NIST's AI Risk Management Framework is voluntary, but it is the de facto vocabulary of AI accountability in the US — the language directors, auditors, and insurers already use when they ask how AI risk is handled. It deliberately doesn't tell you which tool-authorization checks to run; that's not its layer. It asks whether someone owns the risk (Govern), whether you know where it lives (Map), whether you're measuring it (Measure), and whether you're acting on it (Manage).

That is exactly why the combination works. OWASP findings give Map and Measure real content; the spine's scoping and gating decisions are what Manage looks like in practice; and the assignment of ownership for each agent and its credentials is Govern made concrete. One layer down sits the legal clock — the Colorado AI Act has been live since February 2026 for high-risk AI systems, and EU AI Act high-risk obligations land December 2, 2027 — and enterprise customers are already pushing both into vendor due-diligence questionnaires ahead of the deadlines. The full four-layer stack — attack, verification, governance, legal — is laid out on the method page.

What does an assessment against these frameworks produce?

An assessment against these frameworks produces a findings list in OWASP ASI terms, controls verified as AISVS requirements, and a posture summary in NIST AI RMF language — evidence, not opinions. Concretely: an inventory of what your agents can do, per-finding severity with a fix direction, and a remediation order — artifacts you can hand to an auditor, an insurer, or your own engineers.

The practical difference from a generic security review is that nothing rests on "trust us." A finding tagged ASI03 can be looked up; a control phrased as an AISVS requirement can be re-checked by anyone; a readout structured Govern / Map / Measure / Manage needs no translation for the people who approve budgets. The framework tags are what make the deliverable portable — the same document works for your engineers, your auditor, and your customer's due-diligence questionnaire.
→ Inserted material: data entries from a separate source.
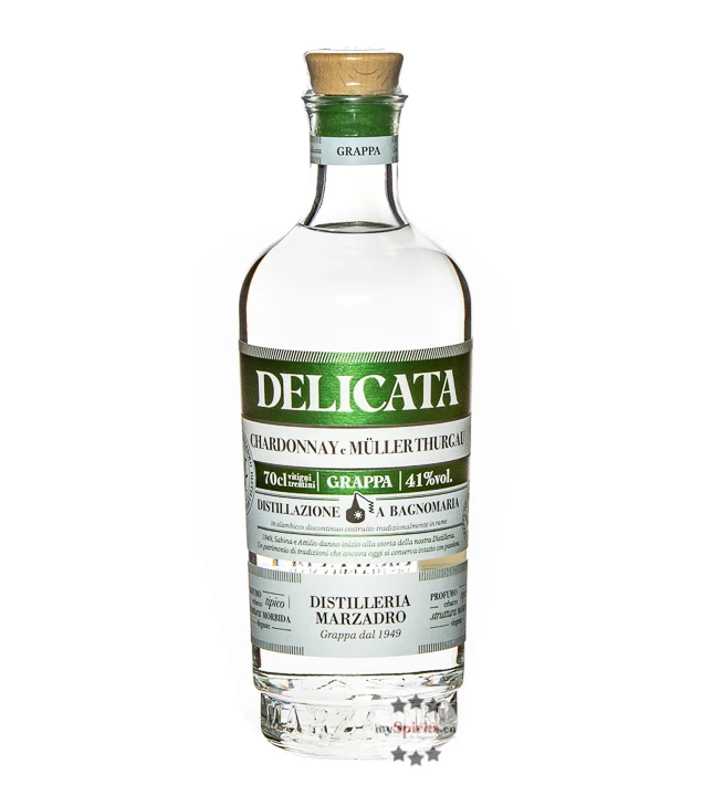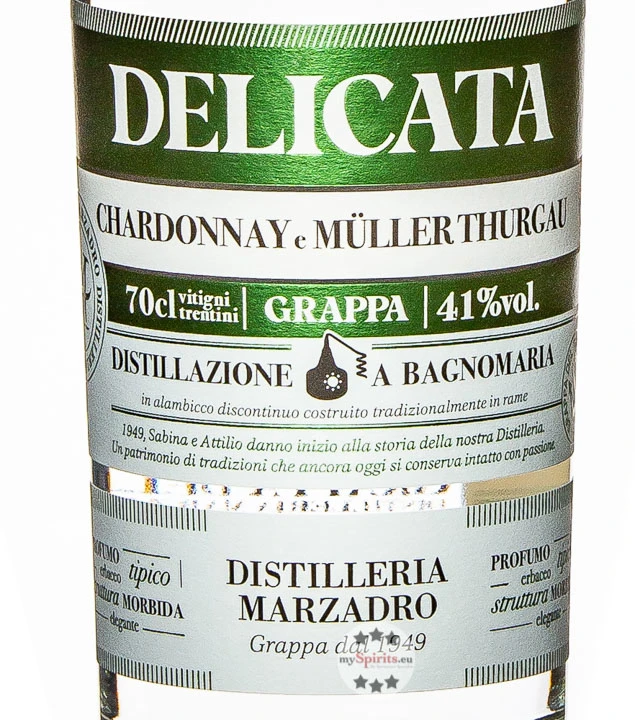 Typisch für die Bivitigni-Reihe von Marzadro ist die Verbindung zweier regionaler Rebsorten. So begeistert jeder Grappa mit einem ganz eigenen sortentypischen Charakter. Der Beiname „Delicata“ könnte nicht treffender gewählt sein, verwöhnt der Grappa die Sinne doch mit einer zarten Eleganz und grasig-frischen Nuancen in Duft und Geschmack.
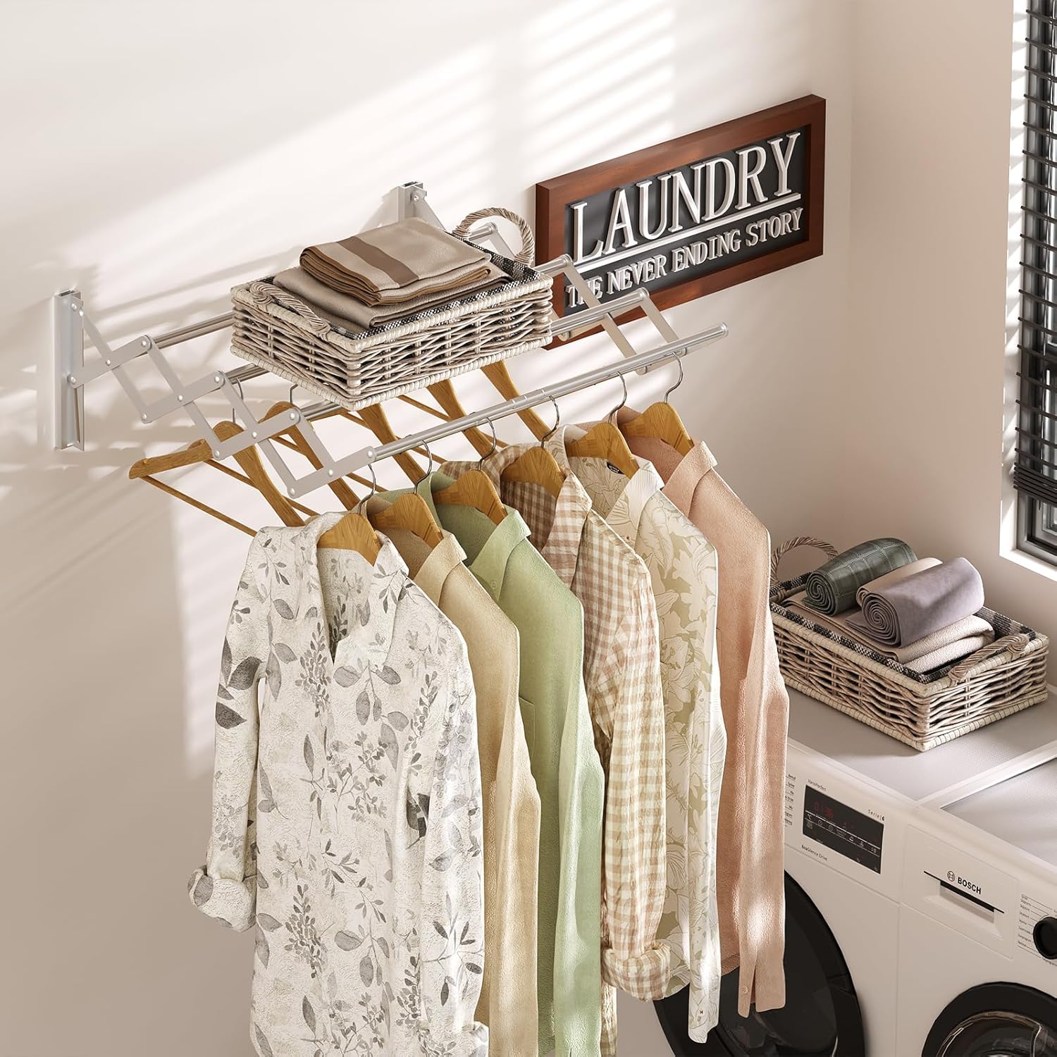 - Compact with Large Drying Space: Wall mounted and collapsible expandable design for max space helper, just expand when air drying; 8 rods 23 linear feet offers adequate hanging drying space.
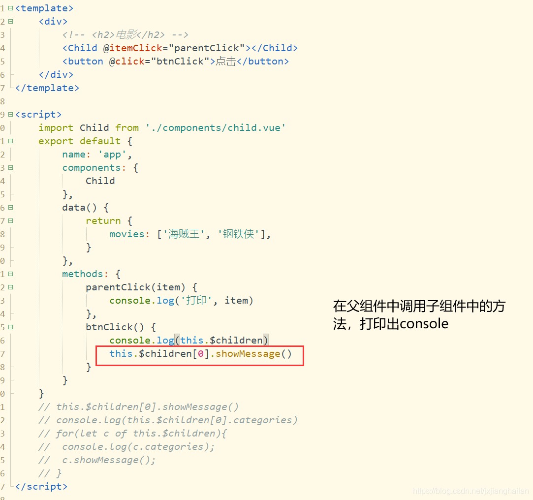 父组件访问子组件:使用$children或$refs
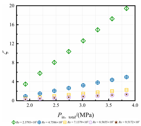 In this paper, we estimate the non-dimensional pressure drop ζ to predict the capacity of cooling air delivery. It is defined in Equation (13). The variation of ζ are plotted in Figure 8. The values of ζ increase with the total pressure at the nozzle inlet. With the increase of Re, the dominant rotation is strong in C3, and the values of ζ are less influenced by . When Re reaches the maximum value (9.5172 × 105), the increment rate of ζ is less than 2%.
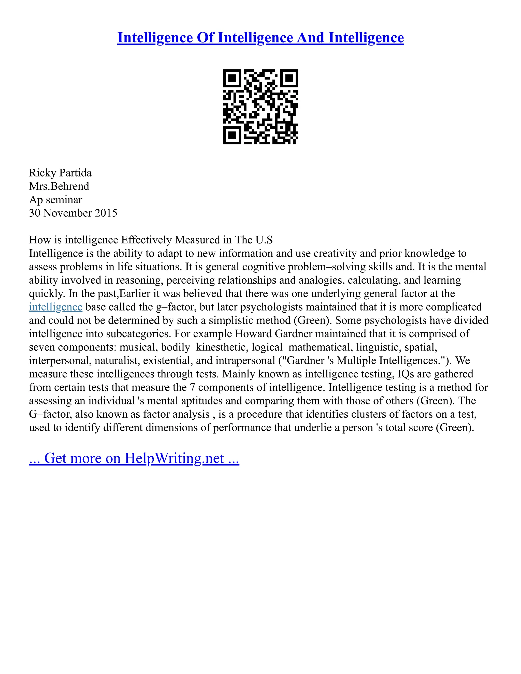 Understanding Intelligence: Insights on IQ, Types, and | Course Hero
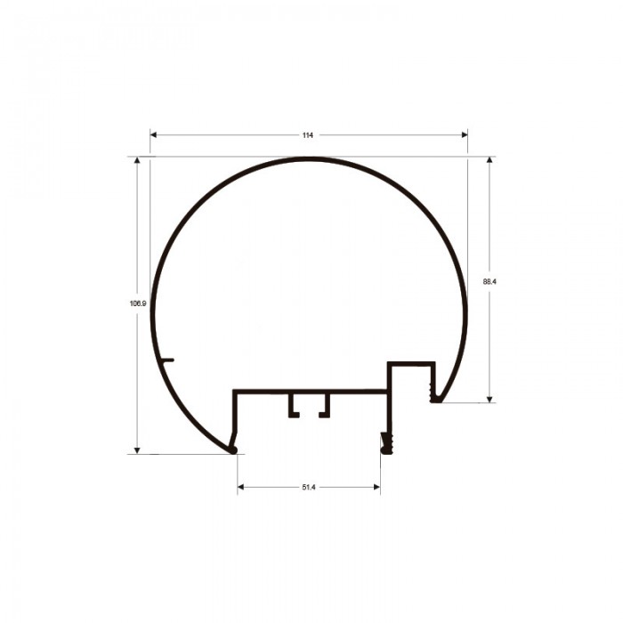 Perfil extudado de alumínio, com peso linear de 2,065kg/m, aplicados a linha de GUARDA-CORPO E CORRIMÃOS.
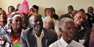 Some Mamuki Society members follow proceedings during the hearing of their case against Robin Woodcraft Stanley at the Makueni Laaw Courts on January 17, 2023. They are laying claim on a 5,000 acre ranch at Yoani Village in Makueni County.
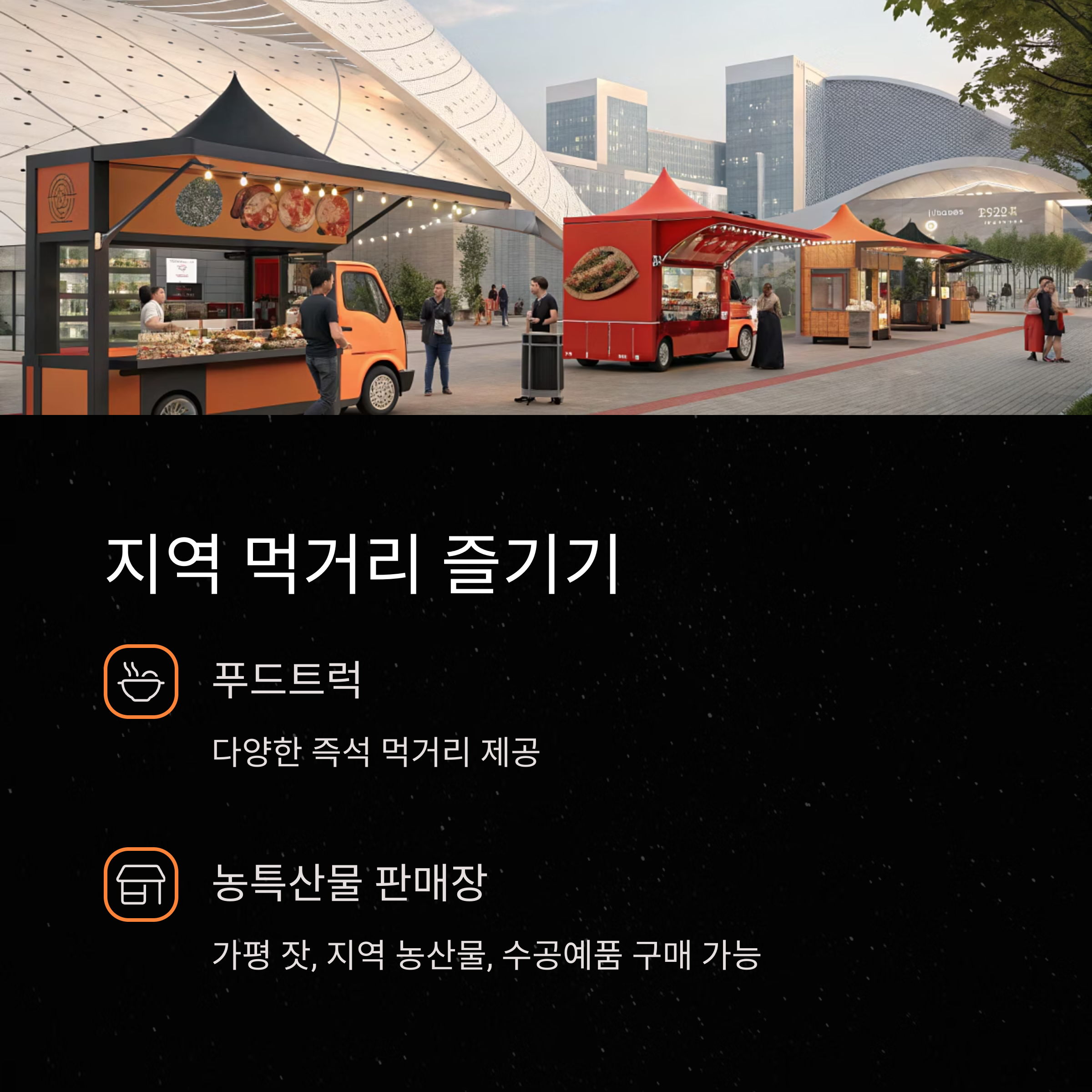 꽃 구경 후 허기를 달래줄 먹거리 부스와 지역 농특산물 판매장도
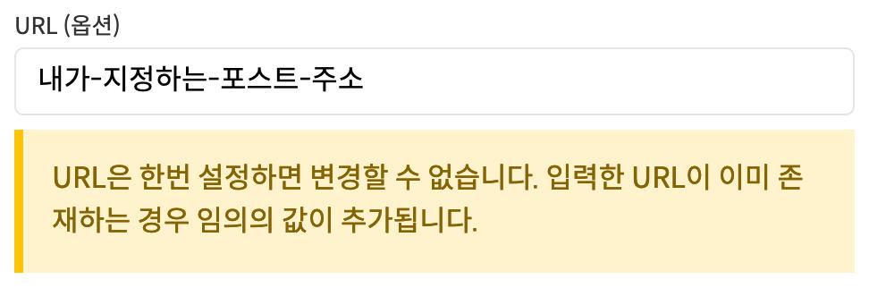 포스트의 URL을 사용자가 직접 지정할 수 있는 옵션을 추가하였습니다. URL에 대한 정책은 기존과 동일하게 처음 생성될 때 부여된 URL은 어떠한 방식으로도 수정할 수 없습니다.

That's also the standard you should hold any provider to, including us. If you're evaluating an agent security review — ours or anyone's — ask which framework the findings are named in, which verification standard the controls were checked against, and what language the summary reports in. If the answers aren't specific, you're buying opinions. What a review looks like when it's built this way, scope and pricing included, is on our Agent Security Assessment page.

The frameworks are public, the mapping is on our method page, and the spine is four words long. The era when agent security was a matter of taste ended with page numbers — the teams that internalize that early get to treat it as an advantage rather than hear it from an incident report.

Share:
#OWASP Agentic Top 10#AISVS#agent security#MCP security#NIST AI RMF#AI agents
Peter Kwidzinski

Peter Kwidzinski

Founder, Shadow AI Labs

20+ years architecting platform security at semiconductor leaders Intel and AMD, reaching Fellow — the top rung of the technical ladder. Deep work in confidential computing and hardware attestation. Founded Shadow AI Labs to bring that discipline to AI security and governance.

Running agents in production?

The Agent Security Snapshot baselines your deployment against these frameworks in five business days for $1,500 — human-triaged, mapped to the OWASP Agentic AI Top 10, credited in full toward the deeper Assessment.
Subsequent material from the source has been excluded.